The gateway belief model (GBM) is a dual process theory in psychology and the communication sciences. The model suggests that public perception of the degree of normative (expert) agreement – or (scientific) consensus – on societal issues, such as climate change, vaccines, evolution, gun control, and GMO's functions as a so-called "gateway" cognition, influencing an individual's personal opinions, judgments, attitudes, and affective dispositions toward various social and scientific issues.

History

Theoretical background
Specifically, the GBM postulates a two-step process of opinion change, where (mis)perceptions of normative agreement influence "key" personal beliefs that people hold about an issue (step 1), which in turn, shape public attitudes and support (step 2).
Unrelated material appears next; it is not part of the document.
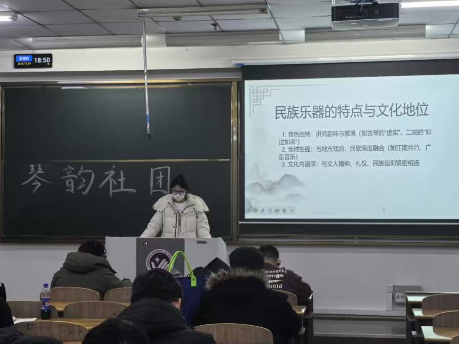 活动伊始,李曼洲同学为大家进行弦类乐器科普。通过图文结合的方式,生动讲解了钢琴,古筝等经典琴类的历史渊源与文化内涵。从古琴的 “高山流水遇知音” 典故,到古筝的地域流派演变,再到钢琴的西方古典音乐脉络,细致的讲解让同学们对不同琴类的发展历程有了系统认知。

Although the basic process of debiasing judgment can be viewed as a form of knowledge deficit, development of the gateway belief model is based on research in cognitive and social psychology, mainly drawing on theories of heuristic information-processing, social norms, decision-making, and motivated cognition.

Consensus-heuristic
In the face of uncertainty, people often look to others for guidance, including experts. Prior research shows that people heuristically rely on consensus cues in the absence of motivation to cognitively elaborate, because consensus typically implies correctness. Research also indicates that people desire to conform to the expert consensus and generally prefer to rely on the combined judgment of multiple experts rather than on individual expert opinions. Relying on consensus cues is often considered socially adaptive because it harnesses the wisdom of the crowd effect. Consensus is therefore an example of a descriptive norm, i.e., the collective judgment of a group of individuals, such as experts. Public opinion research shows that the views of the general public often diverge sharply from experts on a number of important societal issues, especially in the United States. This is known as the "consensus gap". The main premise of the gateway belief model is that this gap can be reduced by highlighting or communicating the actual degree of social or scientific consensus on an issue.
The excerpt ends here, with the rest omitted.